FELICIA JING

POLITICAL THEORY + AI RESEARCHER







Department of Political Science, 
Johns Hopkins University 

Thomas J. Watson Research Center, 
IBM Research


I am a PhD Candidate in political theory at Johns Hopkins University. Since 2022, I have also concurrently worked as a full-time researcher at IBM Research. There, I interact daily with algorithmic systems, observe their design and development, and conduct AI audits using methods from the humanities. 

My research seeks to restage dominant histories of computing as histories of political struggle. In my dissertation project, titled AI and Revolutionary Desire, I locate untimely algorithms across the history of political and economic thought, especially in the technological imaginations of utopian political projects and competing discourses on central planning. The first chapter is forthcoming in Political Concepts: A Critical Lexicon.

In addition to my dissertation research, I also have two accepted articles: one in Social Text on the colonial studies of the platform and the other in Catalyst: Feminism, Theory, and Technoscience on workplace AI and emerging strategies of accumulation in the tech industry. Moreover, as part of my work at IBM, I publish empirical research in information science and human-computer interaction venues like ACM FAccT and CSCW

From 2024-2026, my research will be supported by grants from the Notre Dame-IBM Tech Ethics Lab and the National Endowment for the Humanities.




THEORY

ARTICLES






  • Political Concepts: A Critical Lexicon 
  • (forthcoming sept 2025)
Algorithm
    
This essay makes the case for why ‘algorithm’ is and has always been a fundamentally political concept by tracing its use as an origin story for the founding of a “science” of computation.  



  • Catalyst: Feminism, Theory, and Technoscience
  • (forthcoming march 2026)

‘Good Tech’ and Technologies of Elite Capture
    An article on the phenomena of “good tech” in the AI industry as a peculiar alliance where entrepreneurs and venture capital conspire toward making globalization “feel good.” Co-authored with Juana C. Becerra.

  • Social Text
  • (accepted to special issue)

On Emplotment: Phantom Islands, Synthetic Data, and the Coloniality of Algorithmic Space.

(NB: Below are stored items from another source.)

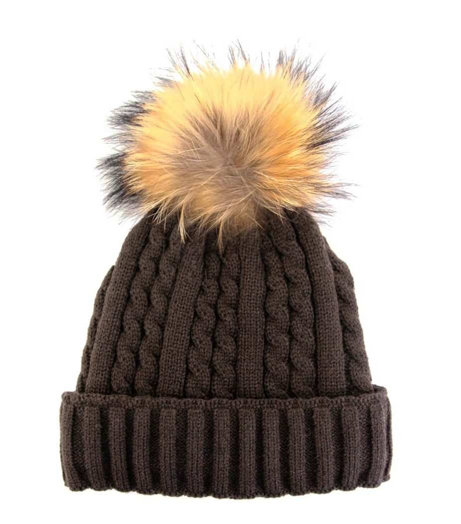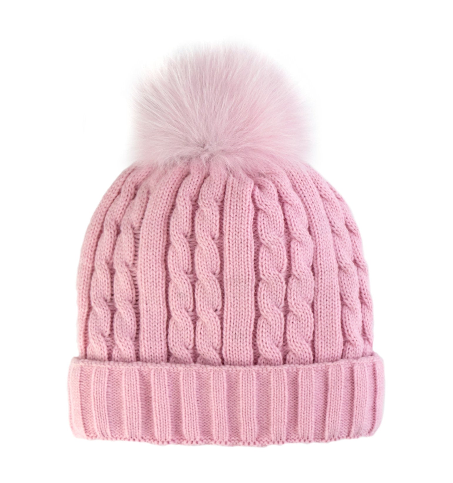 Mitchie's Matchings | Cable Knit Beanie with Fleece Lining and Fur Pom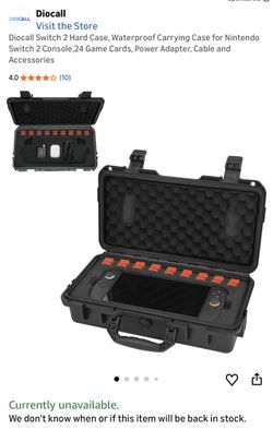 Diocall Switch 2 Hard Case, Waterproof Carrying Case for Nintendo Switch 2 Console,24 Game Cards, Power Adapter, Cable and Accessories$25Norwalk, CA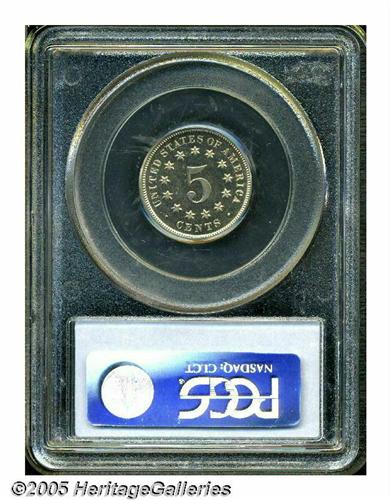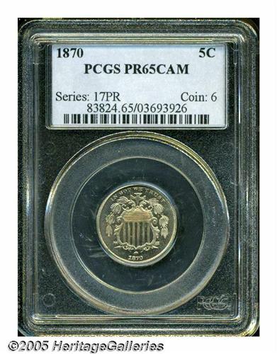 <B>1870<5C> PR65 Cameo PCGS.</B></I> Nicely mirrored with appreciable frosting on the devices, particularly on the obverse. A flashy early date proof Shield Nickel, currently scarce with the Cameo designation. Population: 12 in 65 Cameo, 11 finer in Cameo condition (4/05).

An essay that stages the rise of synthetic data as a colonial recursion of logistical technologies of loss prevention, as an reactive adaptation to organized political struggle along the data production pipeline. Co-authored with Juana C. Becerra and Ranjodh Singh Dhaliwal.







EMPIRICAL 

ARTICLES + PROCEEDINGS


    



  • ACM Conference on Fairness, Accountability, and Transparency  (2023)
Towards Labor Transparency in Situated Computational Systems Impact Research
    A framework for documenting divisions of labor within participatory research, design, and data practices. Co-authored with Sara E. Berger and Juana C. Becerra.  *Finalist for Most Impactful Research Paper of 2023, Responsible AI Institute. 
 


  • ACM Conerence on Computer Supported Work and Social Computing  (2024)
Designing for Agonism: 12 Workers’ Perspectives on Contesting Technology Futures
    Findings from pilot studies of practical methods and tools for non-expert participation AI research, design, and development.  Co-authored with 11 others.

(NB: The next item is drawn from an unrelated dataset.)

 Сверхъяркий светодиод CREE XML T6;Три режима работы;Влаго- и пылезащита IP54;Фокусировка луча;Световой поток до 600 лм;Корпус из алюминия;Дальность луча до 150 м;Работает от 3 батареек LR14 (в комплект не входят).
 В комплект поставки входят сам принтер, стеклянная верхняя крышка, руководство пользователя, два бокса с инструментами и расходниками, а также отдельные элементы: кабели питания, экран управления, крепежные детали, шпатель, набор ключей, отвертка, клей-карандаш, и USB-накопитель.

  • ACM Journal of Responsible Innovation  (2025)
Opportunities and Challenges of Multidisciplinary Algorithmic Impact Assessments.
    Methodological insights from the experimental use of multidisplinary, multi-modal methods in AI assessments, evaluations, and audits. Co-authored with Juana C. Becerra, Adriana Alvarado Garcia, Sara E. Berger, Heloisa Candello, and Caitlin Lustig.

DISSERTATION 

ABSTRACT






  • (defense expected May 2026)
AI and Revolutionary Desire: Futurity and Political Thought through the Technological Imagination
    
My dissertation project begins from the premise that ‘the algorithm’ is a collective speculation toward utopia. More than a set of technoscientific practices, material infrastructures, or forces of production, the algorithm is also a collection of desires that has mediated political imagination since at least the socialist calculation debates. Tracing an unconventional genealogy of the concept, I depart from typical narrations of its history as a progression of scientific inventions from the 1950s-present. I instead center a technological imaginary of the 1910-40s, one forged between socialists and neoliberals to answer the question of central planning. That the promise of AI rings so hollow today, I suggest, owes to our inheritance of the political unconscious of these debates. The concept of the algorithm was forged within a fundamentally elite discourse, one that imagined utopia as a rational economic order (whether realized by technocratic management or by spontaneous coordination) that will always disqualify popular and proletarian modes of economic planning. In this way, I reframe the history of computing as a history of political struggle.